Fantasy sports companies FanDuel and DraftKings are coming under further pressure as a player in Kentucky accused them of negligence and fraud in a lawsuit.
Adam Johnson, a daily fantasy player from Jefferson County, says in the suit that players were “fraudulently induced into placing money onto DraftKings because it was supposed to be a fair game of skill without the potential for insiders to use non-public information to compete against them.”
The suit, which was filed in the Southern District of New York and seeks class action status, asks for a jury trial and requests that the companies pay damages with interest while also changing their practices to make sure employees don’t benefit from inside information.
The suit is the latest fallout from a controversy that erupted this week when it came to light that a DraftKings employee had inadvertently released information about which athletes were most likely to end up on the rosters. The week before, the employee, Ethan Haskell, had won $350,000 playing in contests on FanDuel, raising questions about whether he had used proprietary information to gain an edge on the competition. The companies have said he didn’t.
“The biggest edges any player can have come from having data and information. DraftKings and FanDuel employees have access to both things, neither of which is public,” Johnson claims in his lawsuit. “For instance, DraftKings performs analytics to determine winning strategies, return on investment of certain strategies and even how lineups on FanDuel would do if they were entered into DraftKings contests. DraftKings knows the value of this data and knows that it should not be shared.”

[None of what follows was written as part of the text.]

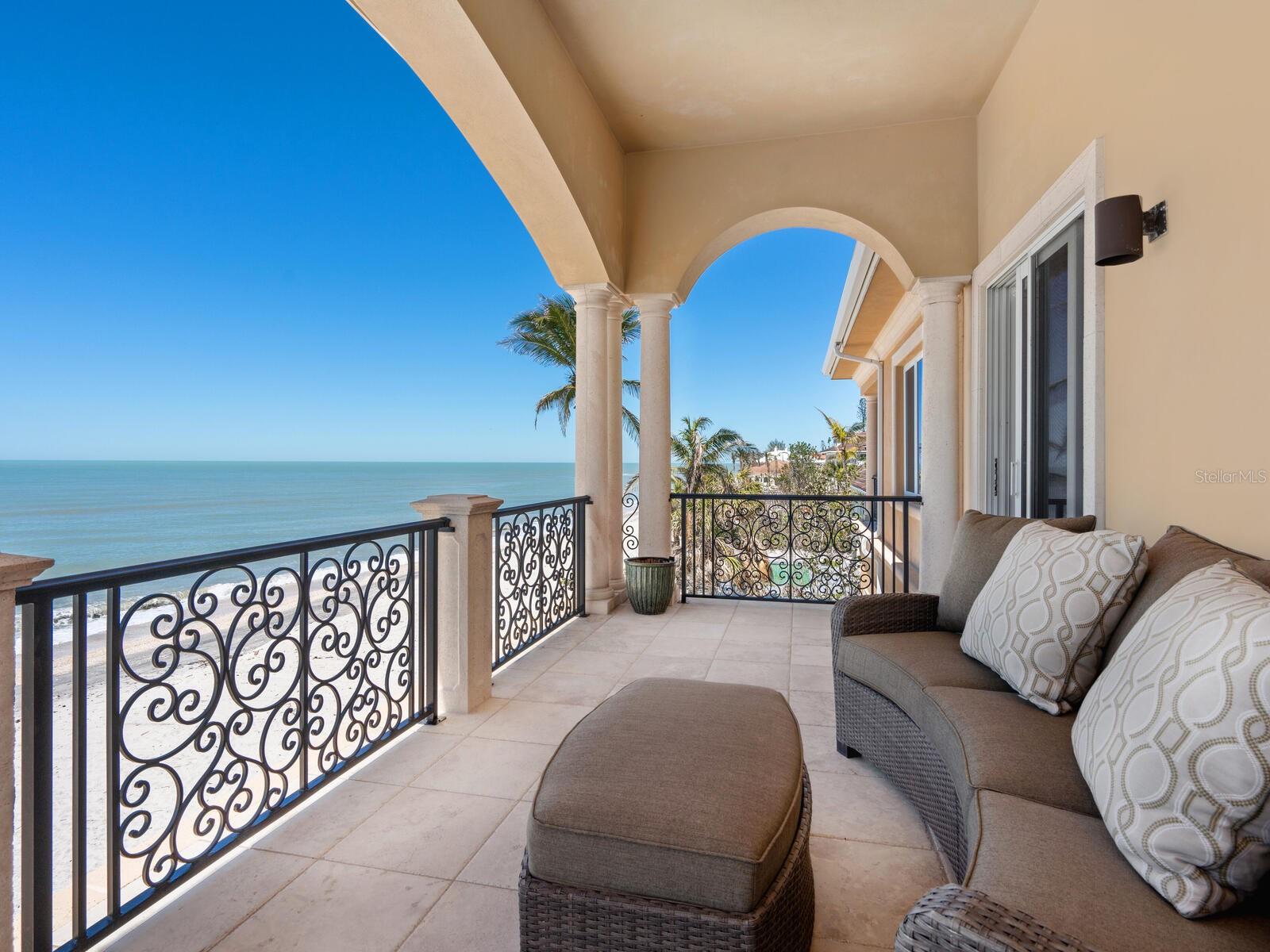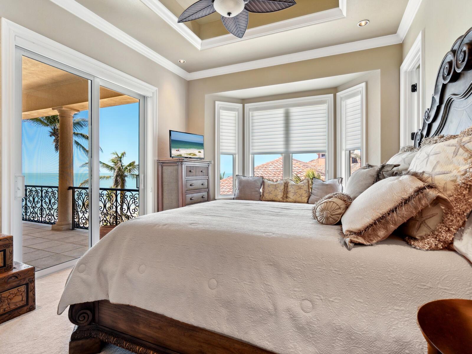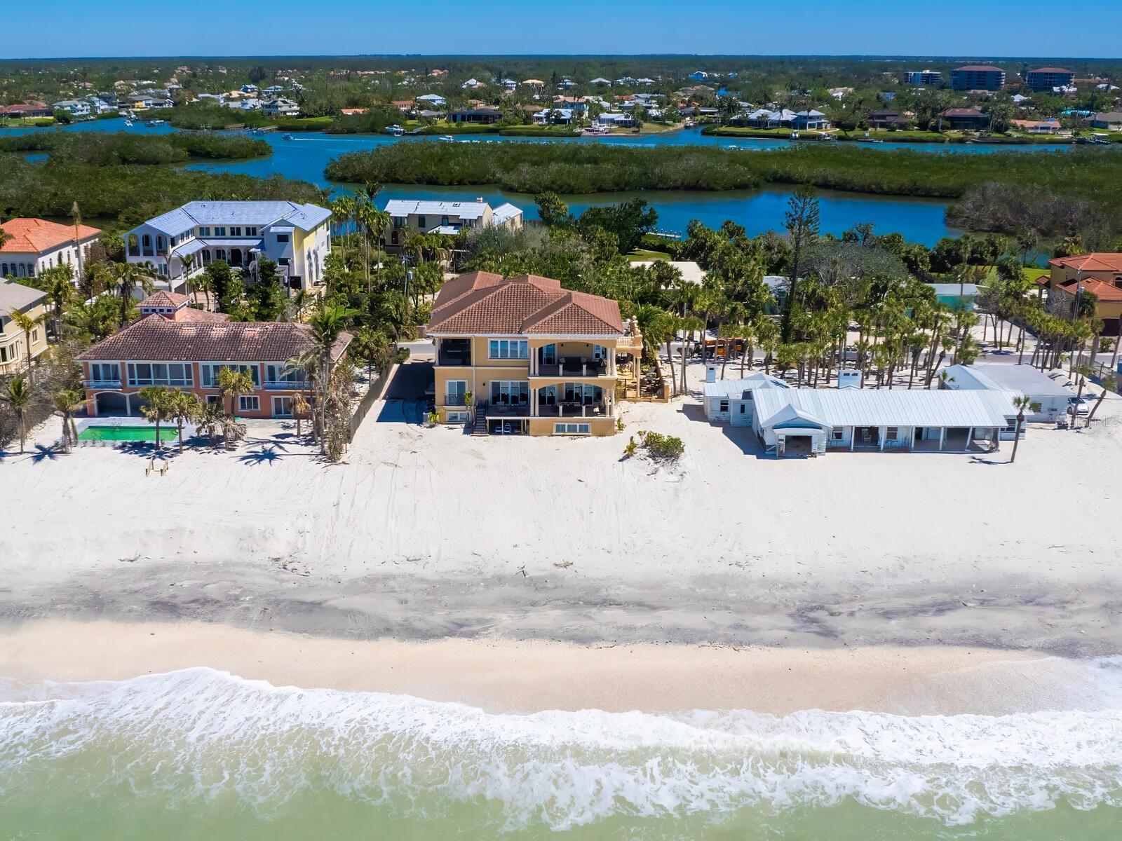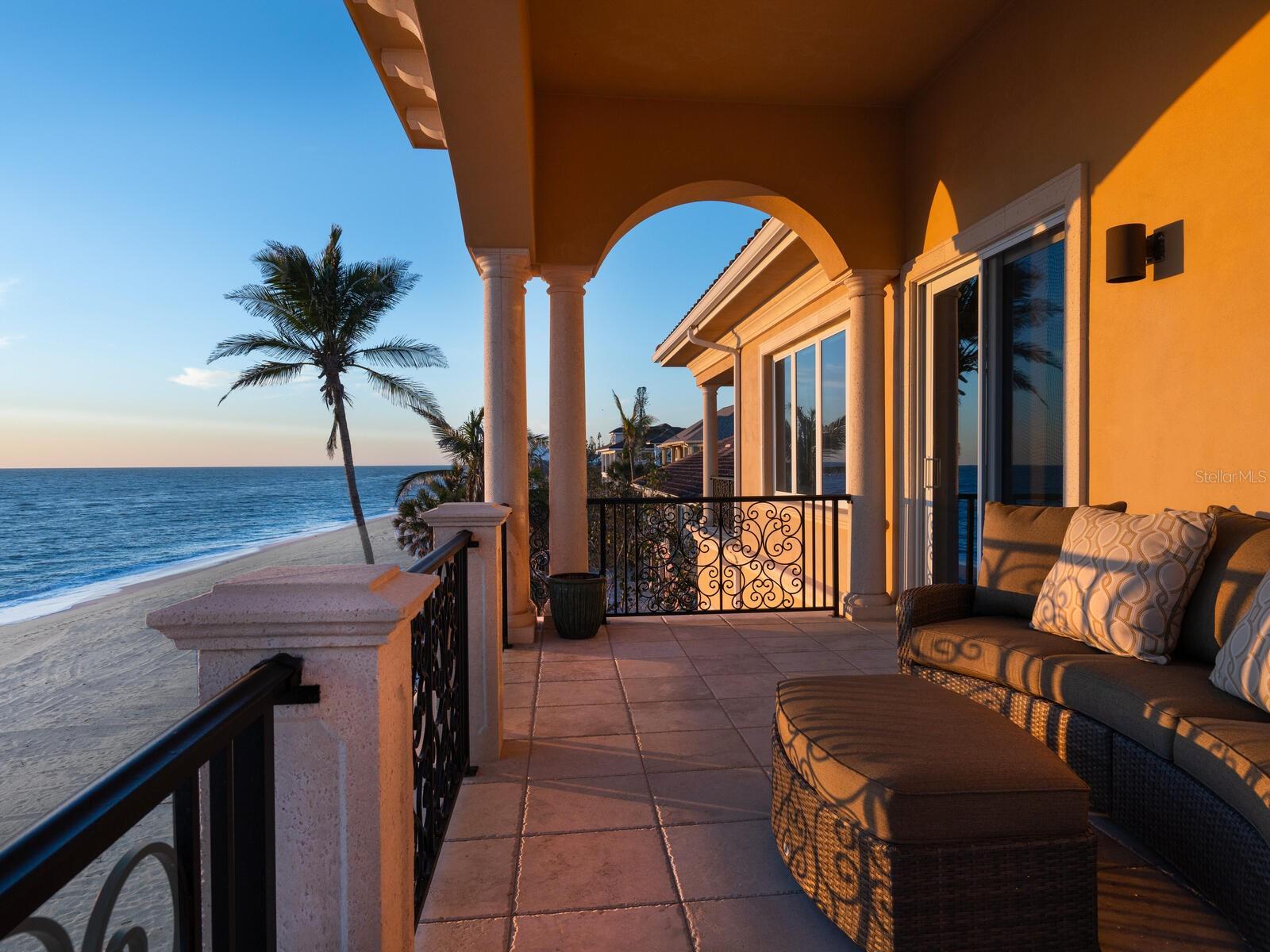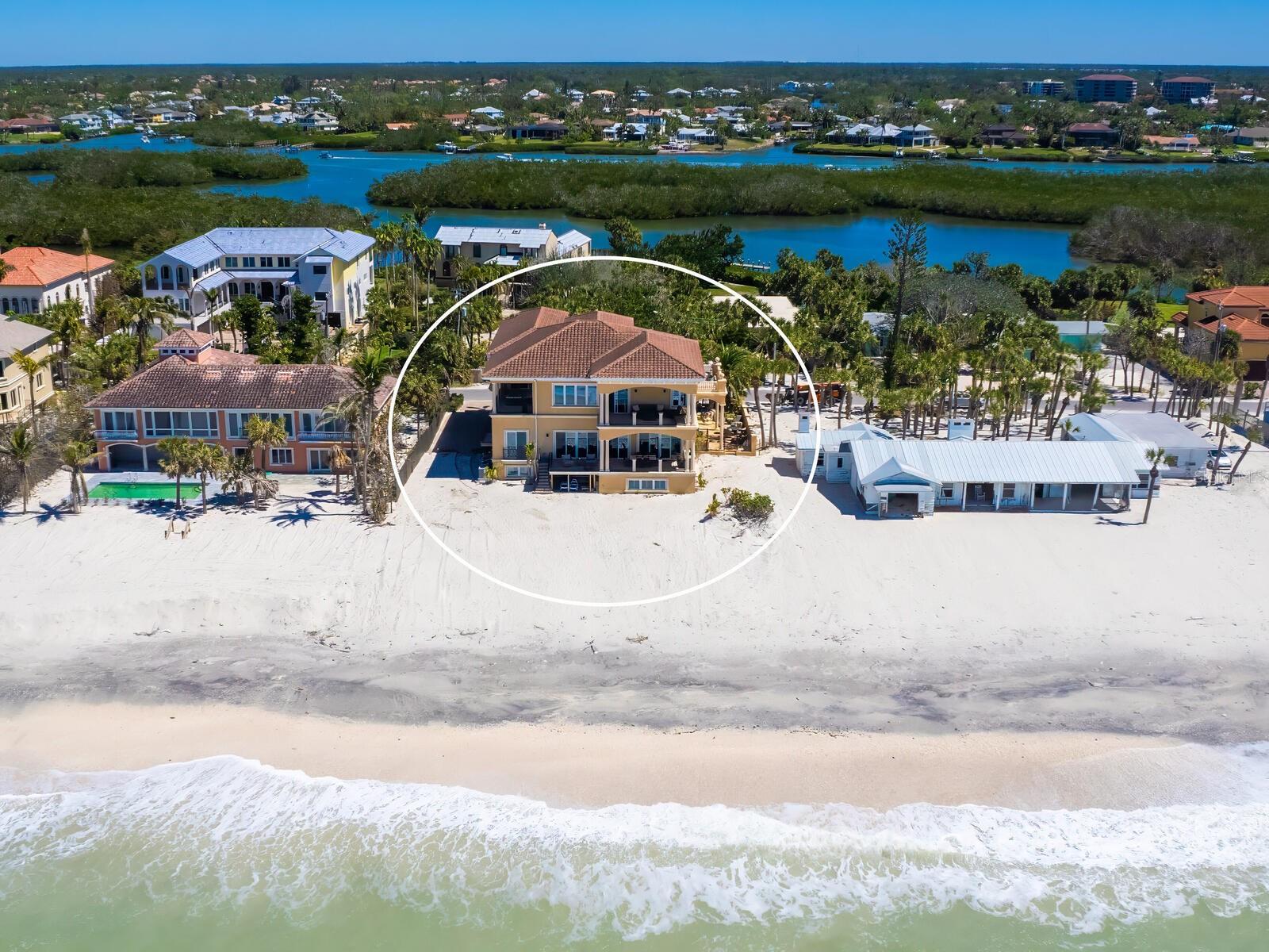 Magical sunsets illuminate the sky at this unparalleled custom-built estate on the exclusive barrier island of Casey Key, where luxury, elegance, and breathtaking Gulf views come together in harmony. This exquisite Gulf-front residence, featuring 100 feet of pristine natural sand beach, offers the epitome of coastal living. From the moment you pass through the courtyard gates, you're greeted by the tranquil sounds of the Gulf, with immediate access to serene beach views. As you enter the home, custom wood and glass hurricane entry doors lead you into the grand great room, framed by a wall of glass that showcases expansive views of the Gulf. The open-concept floor plan seamlessly connects the living areas to the chef-inspired kitchen, creating the ideal space for both intimate family gatherings and large-scale entertaining. The gourmet kitchen is a culinary masterpiece, featuring top-of-the-line Sub-Zero appliances, a Wolf cooktop with a custom copper hood, and a copper farmhouse sink, beautifully coordinated with other copper accents throughout the space. Premium appliances include a Wolf convection oven, Miele dishwasher, Fisher & Paykel dishwasher drawers, and a large walk-in pantry. Double islands in Palamino-patterned granite provide ample space for meal prep, while the wraparound bar with a vegetable sink enhances functionality and elegance. From the kitchen, dining area and great room, you can enjoy spectacular Gulf views that seamlessly flow onto a covered and open balcony porch, spanning the length of the home. The main level also features a beautifully appointed office/library and a full bath for added convenience. Upstairs, the primary suite serves as a Gulf-front sanctuary, offering sweeping views of the beach. The luxurious ensuite bath is a spa experience, complete with a whirlpool tub, multi-head shower, bidet and makeup vanity. The spacious primary closet is designed with built-ins, an island and a rotating closet carousel, offering the utmost in organization and luxury. In addition to the primary suite, the home includes three ensuite bedrooms, as well as a separate guest suite, providing private living space. Expansive balconies throughout the home provide privacy and style. The south-facing open balcony deck invites you to soak in the sun, while the north-facing covered balcony offers a serene retreat to relax with the soothing sound of the surf. Designed by the acclaimed Sarasota architect George Merlin, this home includes a five-stage wheelchair-accessible elevator, ensuring effortless access to all levels. The property also features an oversized three-car garage with ample space for a golf cart, a work area with a sink, and plenty of additional storage. Casey Key is just minutes from a variety of upscale shopping, fine dining and vibrant cultural attractions, offering a balance of privacy and convenience. With easy access to the charming downtown Venice, known for its quaint boutiques, cafes and art galleries, as well as the cultural heart of Sarasota, renowned for its theaters, museums and world-class dining, you’ll never be far from everything you need. Additionally, with nearby airports, including Sarasota-Bradenton International and private jet service at Venice Municipal Airport, travel is effortless.

FanDuel declined to comment. DraftKings couldn’t be reached for comment.
Allowing Employees to Play
The lawsuit questions the companies’ decision to let their employees play on other sites. Until this week, workers at FanDuel and DraftKings didn’t seem to see anything wrong with playing fantasy sports while running fantasy sports companies. Both companies had banned players from playing on their own sites but didn’t restrict any other action.
At DraftKings, employees were actively encouraged to play on FanDuel, according to a former employee. Thomas Starr, who worked for both DraftKings and Draftstreet, another daily fantasy sports company, said one of the draws of working at a fantasy company was spending the day talking about playing the games.
“It’s an ongoing conversation all day, like an open forum, who’s betting on what, who’s the sleeper today,” he said.
On Wednesday, DraftKings and FanDuel said they were banning their workers from playing fantasy sports for money, a restriction that parallels the practices of some casino companies that prohibit employees from placing bets at competing casinos. Johnson’s suit claims that this should have been done years ago, citing past comments made by Jason Robins, the chief executive of DraftKings, expressing concern about the fairness of his company’s policies on that practice. Not banning such activities violates consumer protection law in Kentucky and the New York Deceptive Acts and Practices and False Advertising laws, according to the suit.
DraftKings and FanDuel, the two biggest daily fantasy sports companies, are under investigation by the New York Attorney General and are facing calls for congressional hearings. They could also face scrutiny by the U.S. Federal Trade Commission over possible violations of consumer-protection laws, according to former lawyers for the agency. “It seems like a pretty troublesome practice, and rigging a contest is right up the FTC’s alley,” said Joel Winston, a lawyer at Hudson Cook LLP in Washington.
Online gaming has been a recent focus for the FTC, and the agency will probably be interested in expanding into fantasy sports betting because it has similar attributes, said Phyllis Marcus, a lawyer at Hunton & Williams LLP in Washington.
“The FTC has really jumped into the online-gaming industry,” Marcus said. “That’s where the attention is. That’s where consumers are.”